- _Dataset section_:
* * * * * * *
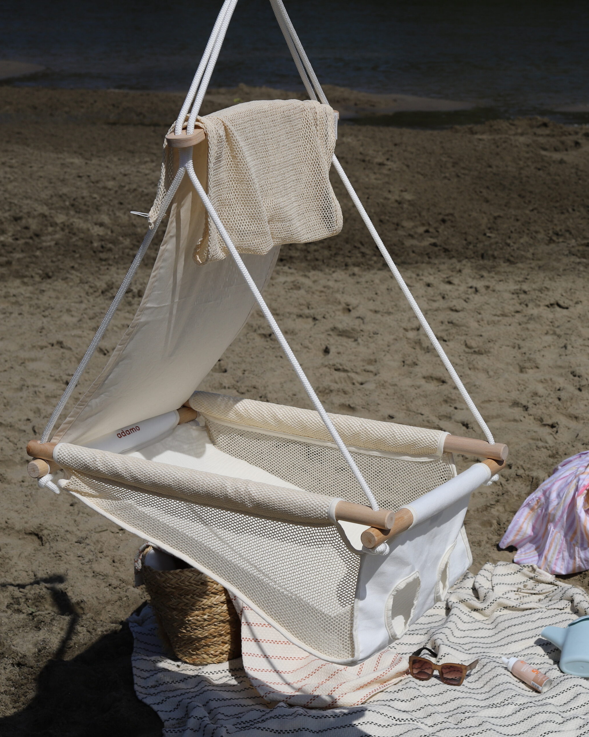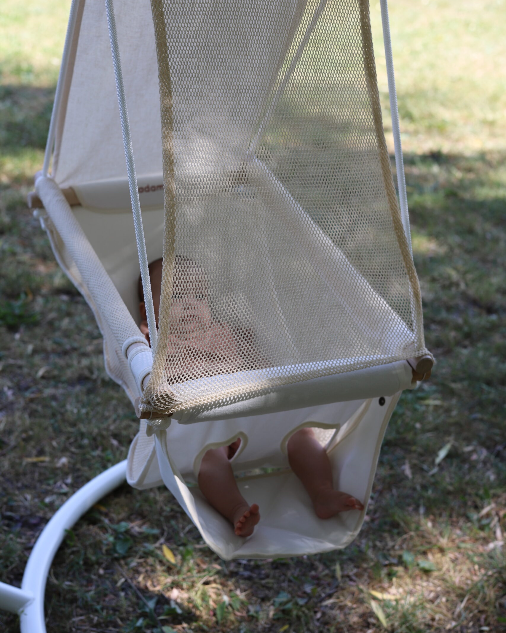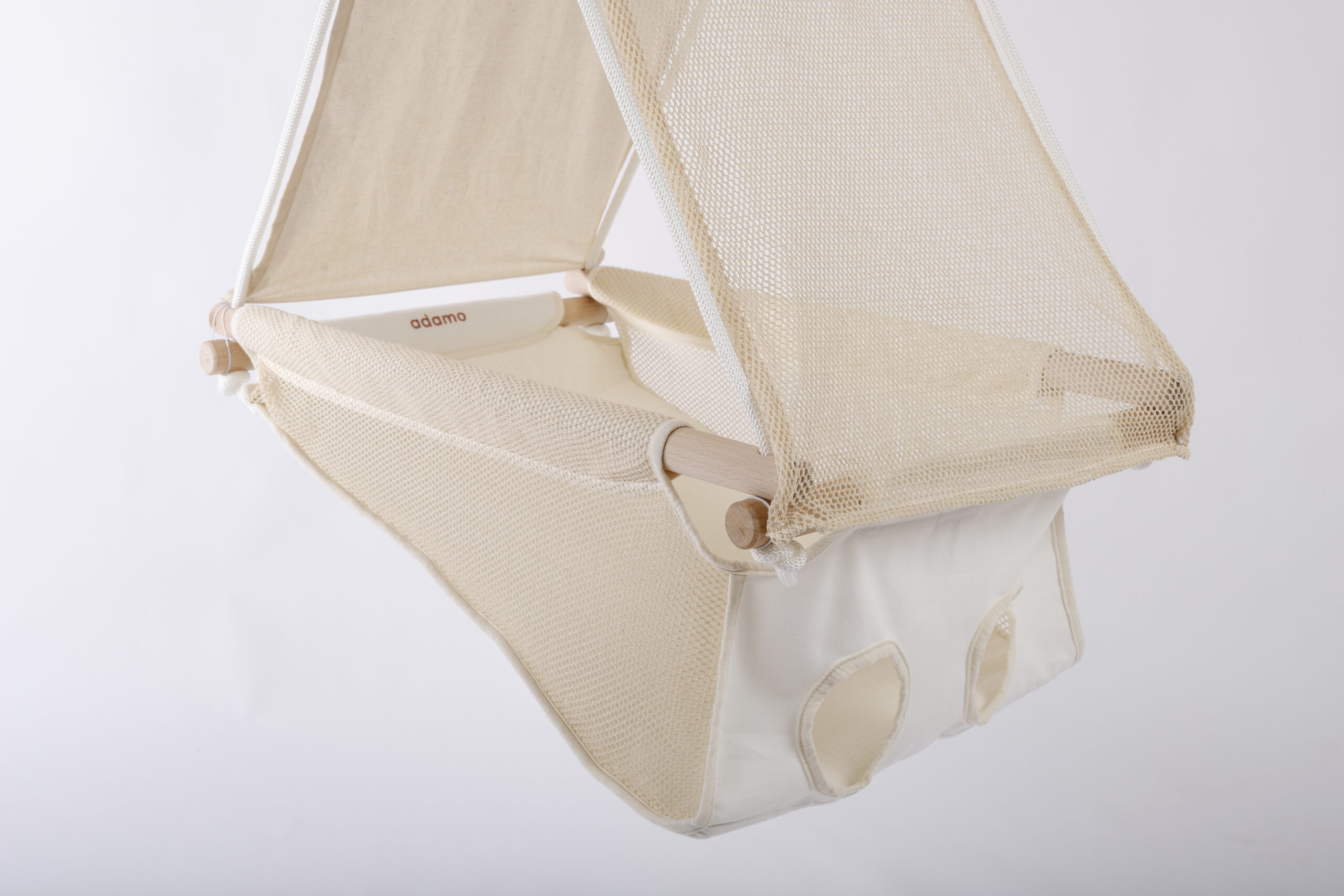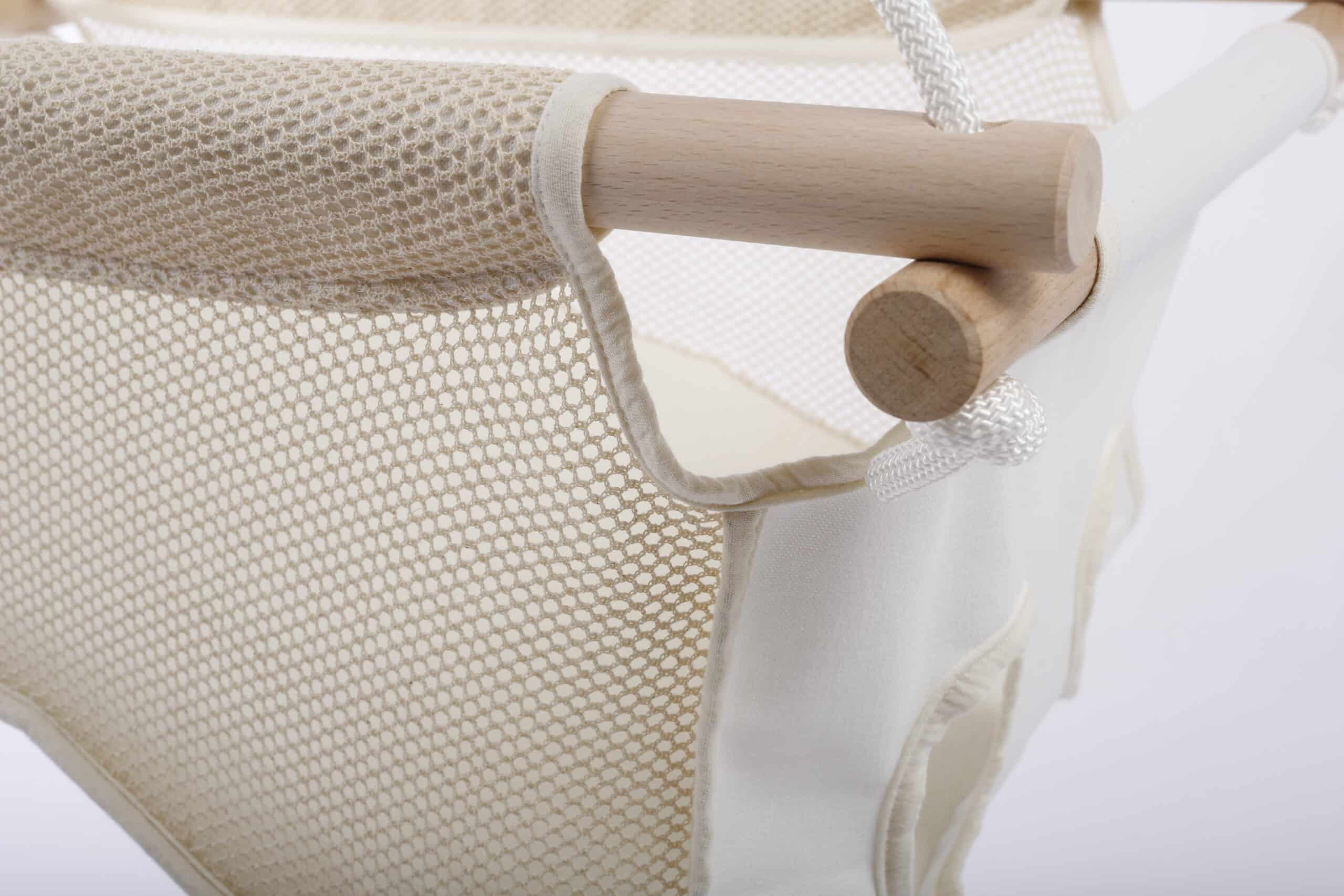 Az elülső rész egy légies, organikus natúr hálóból készült, amely vizuálisan is passzol az Adamo Summer babahinta stílusához, miközben megőrzi a hinta szellőzését és betekintést enged a hintába
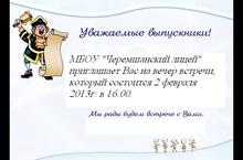 Приглашаем выпускников на вечер Встречи 2 февраля 2013г. в 16.00 в лицей!
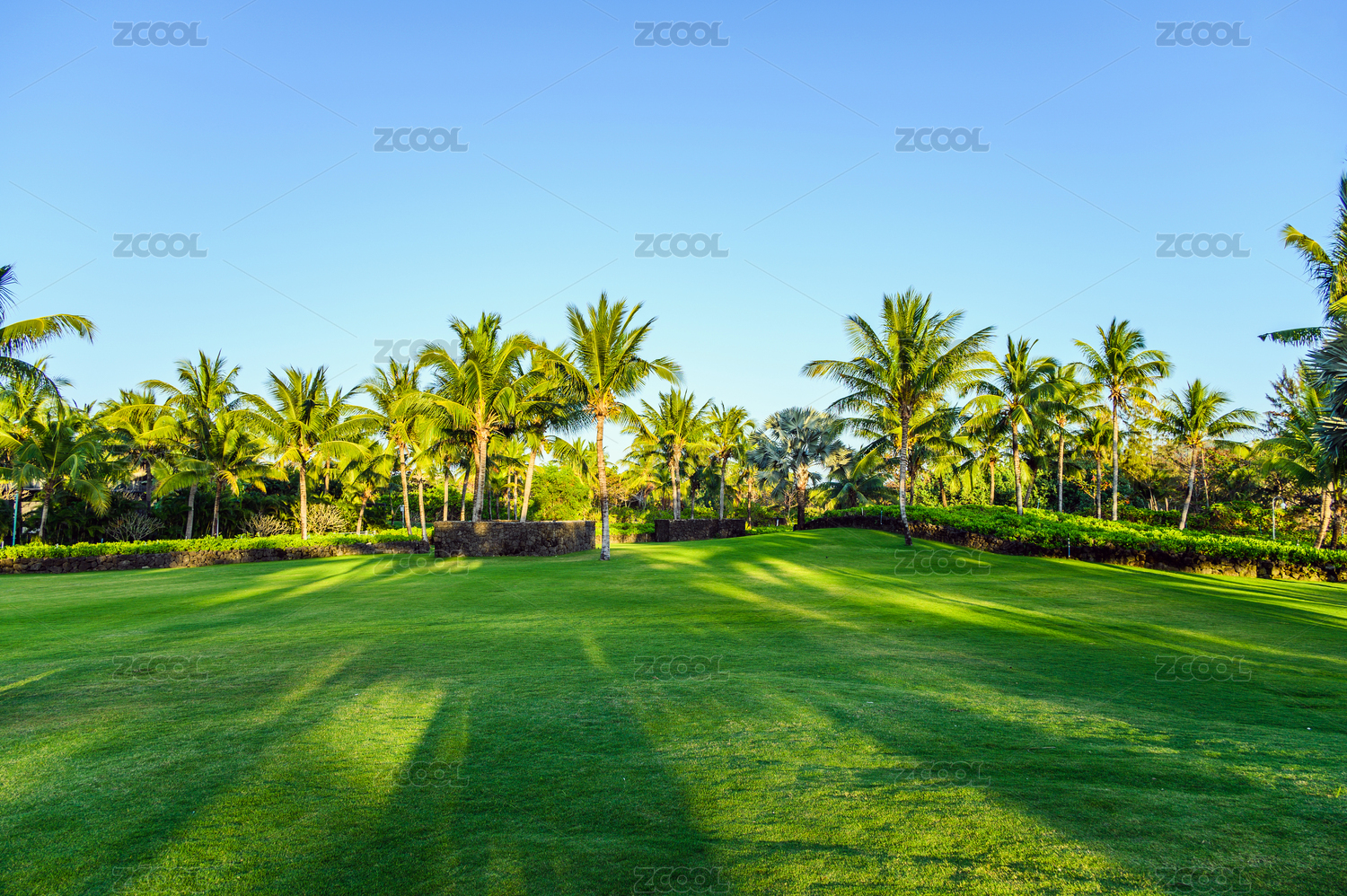 中国广东深圳深圳湾草坪椰树蓝天白云海边
* * * * * * *
- _Task instructions_: When you repeat the material, keep every word exact and drop the pictures.

- _The completed task_:
 Az elülső rész egy légies, organikus natúr hálóból készült, amely vizuálisan is passzol az Adamo Summer babahinta stílusához, miközben megőrzi a hinta szellőzését és betekintést enged a hintába
 Приглашаем выпускников на вечер Встречи 2 февраля 2013г. в 16.00 в лицей!
 中国广东深圳深圳湾草坪椰树蓝天白云海边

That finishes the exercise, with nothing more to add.